26 - fev - 2009

Campanha da Fraternidade foca segurança

  • Pela primeira vez, o Santuário Nacional de Aparecida, a 164 km São Paulo, recebeu o lançamento nacional da Campanha da Fraternidade. Tradição entre os católicos, a campanha é organizada pela Conferência Nacional dos Bispos do Brasil (CNBB) e realizada desde a década de 1960, sempre durante a quaresma.

    Neste ano, o tema é ‘Fraternidade e Segurança Pública’. Além de propor a busca pela paz, a campanha deve dar chance para para que católicos reflitam e denunciem até mesmo crimes contra a ética e a gestão pública.

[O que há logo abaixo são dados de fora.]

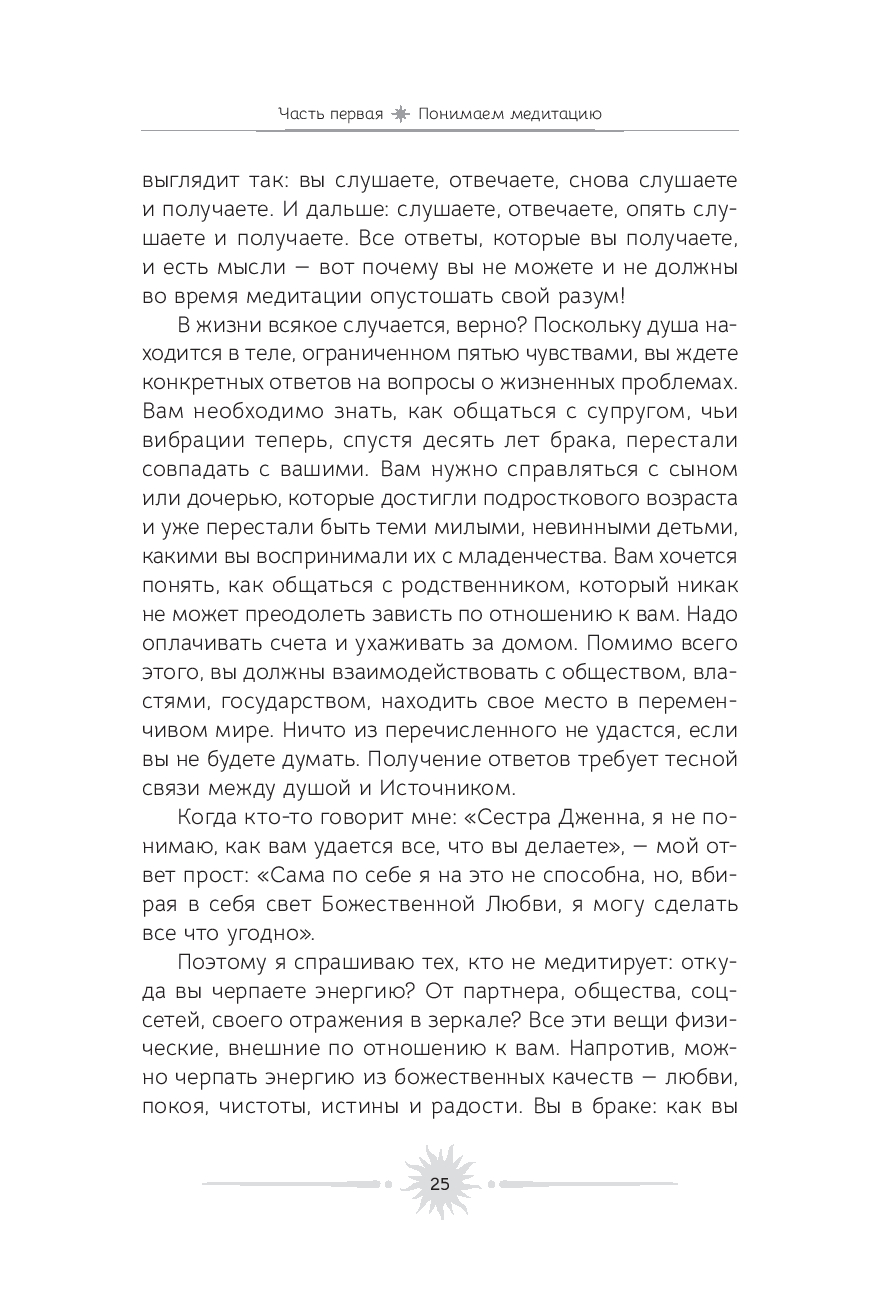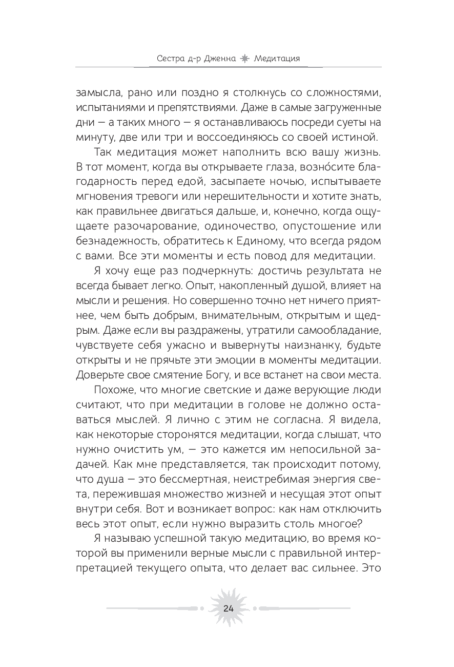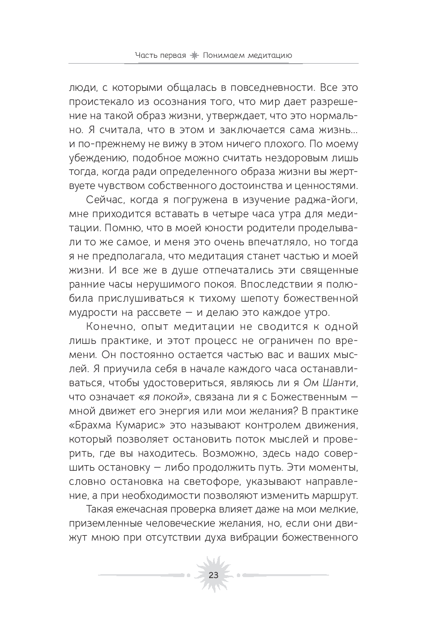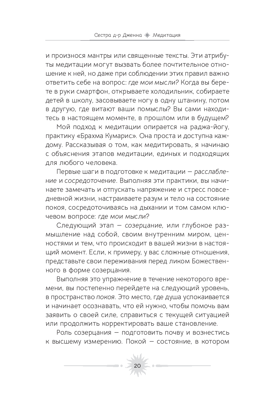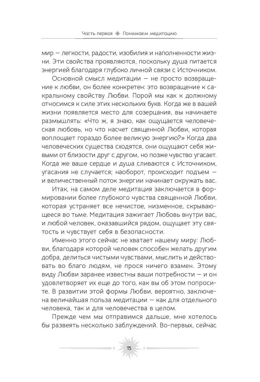 Медитация – это удивительное искусство видеть и чувствовать божественную энергию в каждом живом существе. Цель этой книги – позволить вам погрузиться внутрь себя, научиться вслушиваться в собственные мысли и понимать, откуда они исходят. Ведь если в их основе лежит чистота души, то мир вокруг начинает сиять новыми красками.

    O lançamento ocorreu durante missa com cerca de cinco mil pessoas no Santuário Nacional. Ela foi celebrada por Dom Raimundo Damasceno Assis, arcebispo de Aparecida, e também pelo secretário-geral da CNBB, Dom Dimas Lara Barbosa.

    Inspirado pelo tema segurança, as atividades da campanha devem abrir espaço para que católicos reflitam sobre assuntos variados, que vão desde a imunidade parlamentar para crimes comuns e até mesmo propor um novo modelo de Justiça com aplicação de mais penas alternativas. As ações e debates serão realizados em dioceses e paróquias do Brasil durante as missas e também em encontros de formação em grupos de pastorais.

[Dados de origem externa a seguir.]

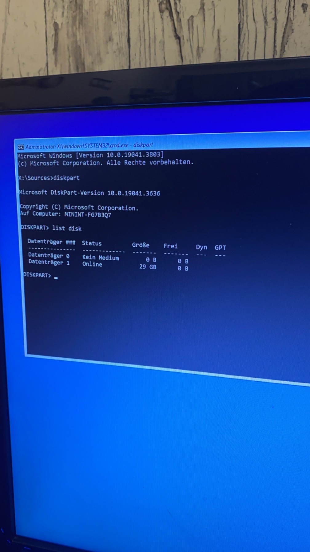 Bei der angezeigten Disk beim Bild handelt sich es um den USB stick mit dem microsoft Tool.

    Paz positiva - Em Aparecida, Dom Dimas Lara Barbosa foi o responsável pela homilia que apresentou a campanha e destacou os principais objetivos do período de reflexão que vai até a Páscoa. “É preciso construir a paz positiva e não a paz da violência”, afirmou dom Dimas.

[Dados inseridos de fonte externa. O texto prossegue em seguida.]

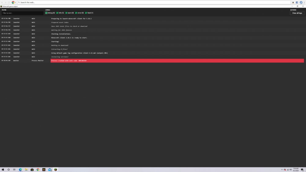 Im playing on Java edition and its my first time using it on my PC. Whenever i try to start minecraft it always says "Not Responding". It doesn't even show the loading screen or anything. It just starts and then stays like that till I close out of it and then on the launcher it says "An unexpected issues occurred and the game crashed. We are sorry for the inconvenience". Then it says in the output "Process crashed with exit code -805306369". I let it go on overnight and I restarted my computer twice.

    Segundo o secretário-geral, a campanha vai discutir todo tipo de violência. “Há o problema da violência doméstica em que a criança e a mulher são as maiores vítimas. Há ainda a violência simbólica que criminaliza as pessoas que moram nas favelas”, explicou.

    Dom Dimas lembrou também que a Segurança Pública não é uma responsabilidade apenas do governo, mas de toda a sociedade. Ele disse que é preciso vencer a indústria do medo. ‘Constatamos com tristezas que algumas chagas não são exclusivas do Brasil, como o crime organizado, a corrupção e a violência’, sublinhou.

    Para o secretário, políticas públicas são um caminho para a segurança, mas ‘não bastam’. Para ele, o tema não diz respeito apenas aos órgãos do governo, mas a toda sociedade.